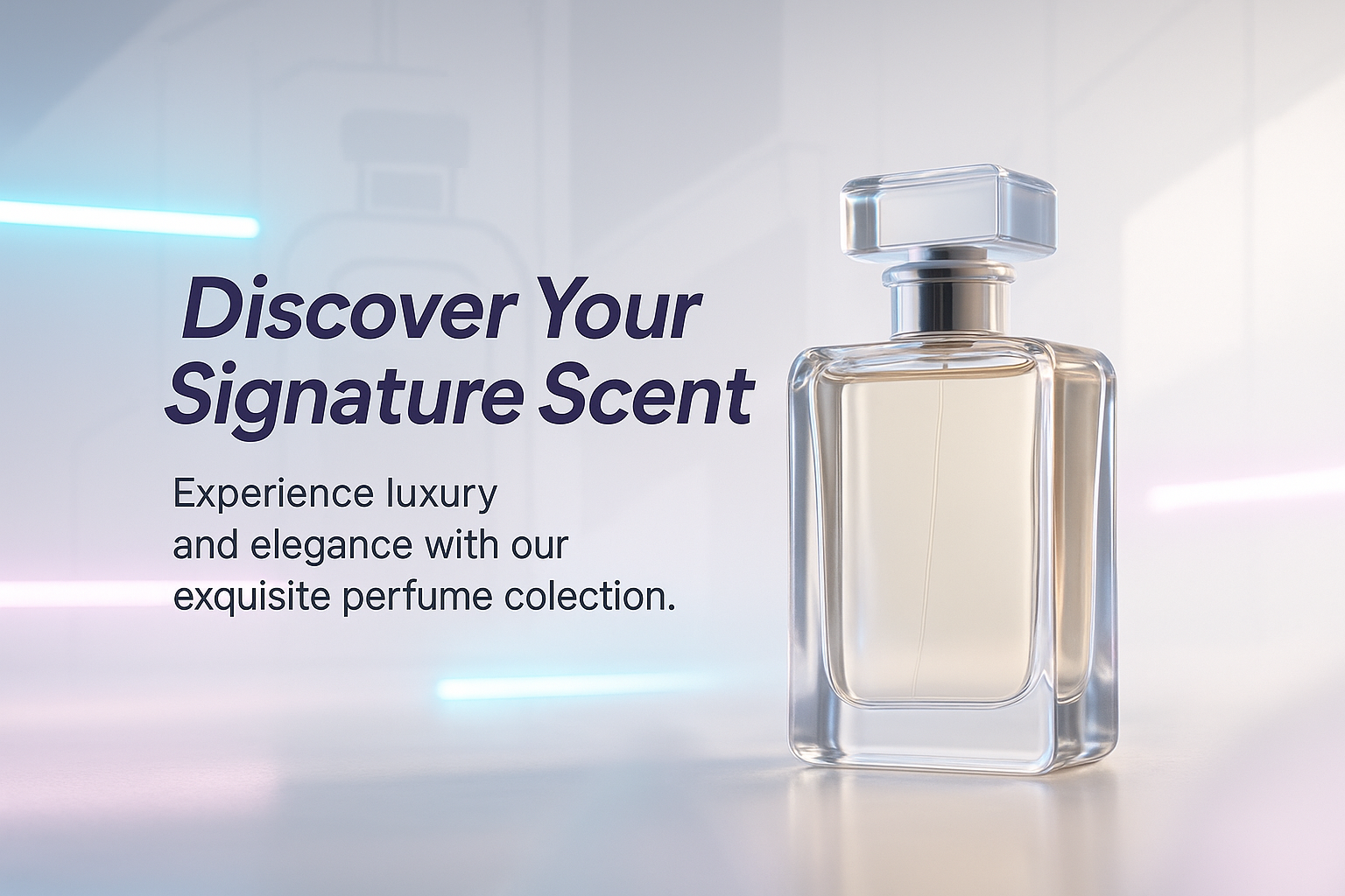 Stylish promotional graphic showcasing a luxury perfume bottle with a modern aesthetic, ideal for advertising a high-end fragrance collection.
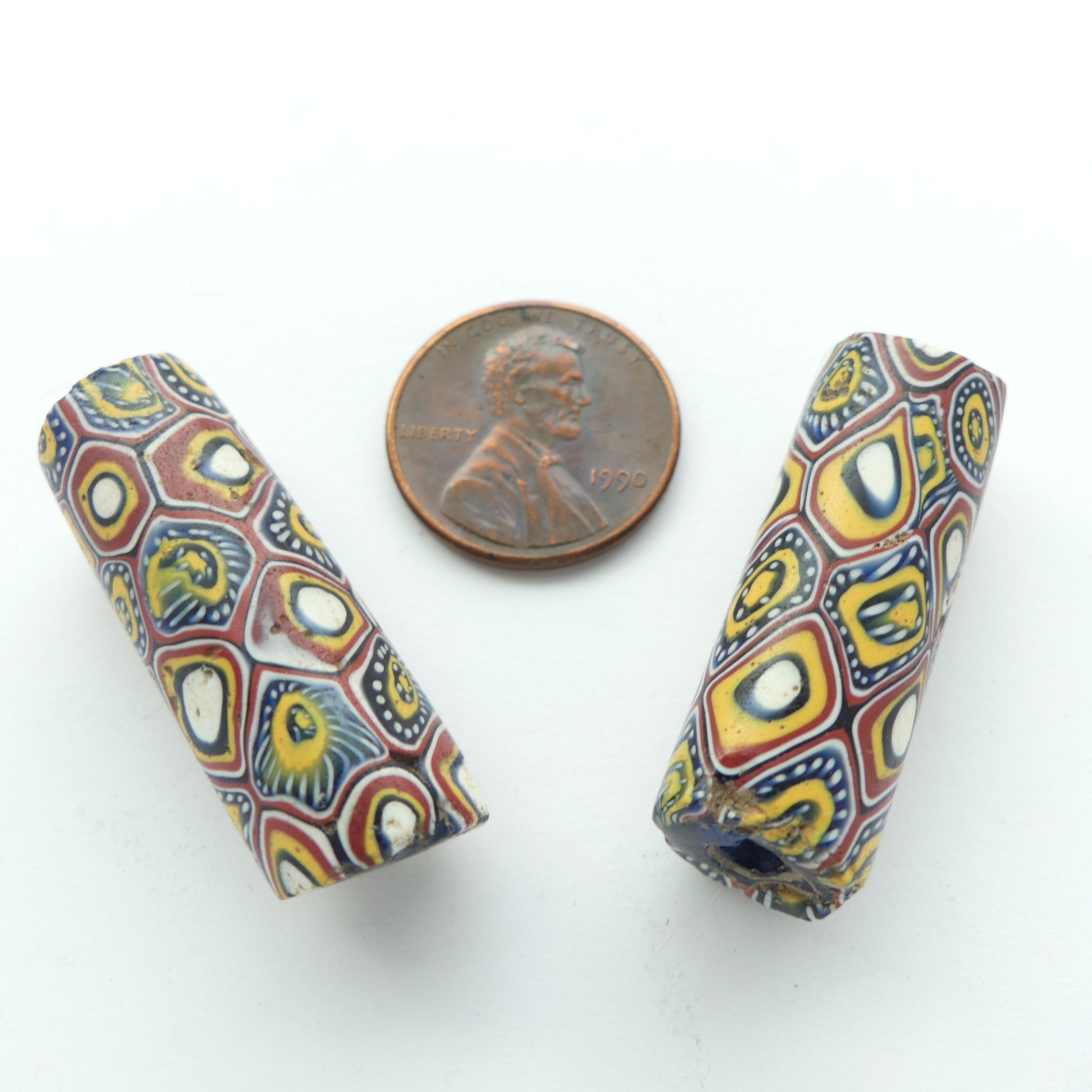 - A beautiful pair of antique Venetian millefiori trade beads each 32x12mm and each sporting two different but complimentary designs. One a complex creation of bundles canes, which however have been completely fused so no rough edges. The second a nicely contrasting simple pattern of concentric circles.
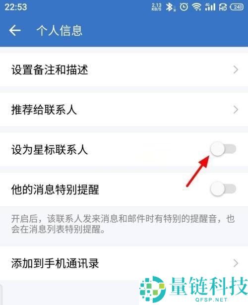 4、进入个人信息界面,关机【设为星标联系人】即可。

* **WHAT YOU NEED TO DO**: None of the pictures should be reproduced; all other material above must be set down exactly.

* **ANSWER TO THIS TASK**:
 Stylish promotional graphic showcasing a luxury perfume bottle with a modern aesthetic, ideal for advertising a high-end fragrance collection.
 - A beautiful pair of antique Venetian millefiori trade beads each 32x12mm and each sporting two different but complimentary designs. One a complex creation of bundles canes, which however have been completely fused so no rough edges. The second a nicely contrasting simple pattern of concentric circles.
 4、进入个人信息界面,关机【设为星标联系人】即可。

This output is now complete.